Redesigning policy strategy
Increase social programs that target individuals rather than households, and ensure effective implementation.
The social causes of gender discrimination are insidious. The most challenging include the stigma against women working (particularly when married and/or with children) and migrating (except for marriage). A woman working outside the home drains household status in an extremely patriarchal society (Bernhardt et al., 2018).
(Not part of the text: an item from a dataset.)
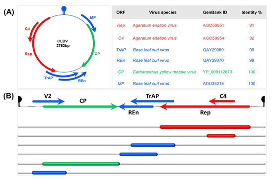 DNA-A of CLDV contained six ORFs following the Old World organization. Sequence analysis (amino acid level) of each ORF using BLASTX showed that AC1, which encodes Rep protein, showed 91% identity with AC1 of AEV (AGO59951) and AC4 showed 92% identity with AC4 of AEV (AGO59954). Similarly, AC2 (TrAP) and AC3 (REn) were 99% identical to the AC2 and AC3 of the RLCV (QAY29069) and (QAY29070), respectively. The ORF AVI (CP) was 100% similar to AV1 of CYMV (YP_009112873), and AV2 showed 100% identity with AV2 of RLCV (ADU33215) (Figure 2A,B). (Detailed comparison of the sequence homology of each ORF of CLDV with the ORFs of other viruses is provided in Supplementary Figure S2 and Supplementary Table S2). In the overlapping regions: CP/MP (Δ1) and Rep/TrAP (Δ2), RLCV was found more identical to CLDV than CYMV and AEV respectively (Supplementary Figure S3). The similarities and differences in the DNA-A of the newly identified virus with the reference sequences are highly noticeable and make a strong case for proving the identity of CLDV as a separate new species.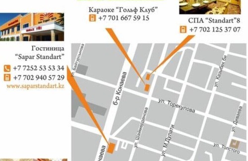 El Sapar Standart Hotel se encuentra a 100 metros del centro comercial Kanny. El aeropuerto internacional de Shymkent se encuentra a 25 minutos en coche.

In patriarchal societies, household work is deemed the domain of women. This affects women throughout their lives - as daughters and eventually as wives. Unsurprisingly, marriage and having children is particularly highly correlated with women leaving the workforce (Jayachandran, 2015). Changing norms thus requires intervening within the household.
Direct benefit transfers are an increasingly important part of India’s social sector infrastructure. However, discussion of conditional cash transfers and, specifically, whether transfers should be targeted to specific individuals within the household is relatively limited.
Relatedly, better access to earnings for women is key to ensure their labour decisions, and the economic power that comes with working, are their own. [FBA study]
Generally, improved social safety facilities could help reduce reliance on informal social networks and accountability to peers’ norms.
The general lesson for policy? Consideration of norms (both gender, caste and others) and offsetting these should be an indispensable component of all other policies (e.g. labour, healthcare, investment).
Policies to increase FLFP are often considered separately from those of job creation and skilling.
This can mean FLFP programs fail to level the playing field. For example, skilling programs in India are usually blind to the different safety and mobility concerns of men and women. Gender quotas in programs like this are valuable, but likely to fail if the program does not account for gender-based labor market barriers (Artiz Prillaman et al., 2017).